To utilize National Surgical Quality Improvement Program (NSQIP) data to evaluate patient outcomes in otolaryngology-head and neck surgery.

STUDY DESIGN:

Retrospective medical chart abstraction of patients undergoing major surgical procedures in the inpatient and outpatient setting.

SETTING:

Academic/teaching hospitals with more than 500 beds.

SUBJECTS AND METHODS:

The American College of Surgeons NSQIP collects data on 135 variables including preoperative risk factors, intraoperative variables, and 30-day-postoperative mortality and morbidity outcomes for patients undergoing major surgical procedures in the inpatient and outpatient setting.
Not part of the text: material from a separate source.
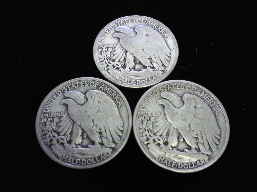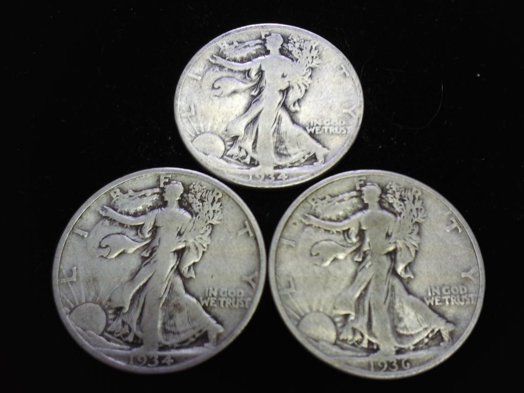 1934, 34 & 36 WALKING LIBERTY HALF DOLLARS 3 COINS

As of August 2008, there are currently 47 hospitals submitting data for otolaryngology-head and neck surgery.

RESULTS:

Opportunities for improvement were identified in respiratory, wound, and venothromboembolic (VTE) occurrences. Implementation of a standardized VTE and perioperative protocol resulted in a decreased length of stay and observed-to-expected (O/E) morbidity and mortality for all surgical services.

CONCLUSION:

NSQIP reports form the basis for quality improvement with targeted interventions in areas of concern that result in changes in patient care processes. The reports are composed of outcomes-based, risk-adjusted data that are submitted by participating hospitals and have recently included data for otolaryngology-head and neck surgery. Actions taken based on NSQIP data demonstrate improvements in patient morbidity and mortality, decreased length of stay, and decreased hospital costs. In a time of increased scrutiny of health care costs and outcomes, NSQIP is an important tool for surgeons to improve quality and decrease costs.

PMID:
20620615
DOI:
10.1016/j.otohns.2010.02.017
[Indexed for MEDLINE]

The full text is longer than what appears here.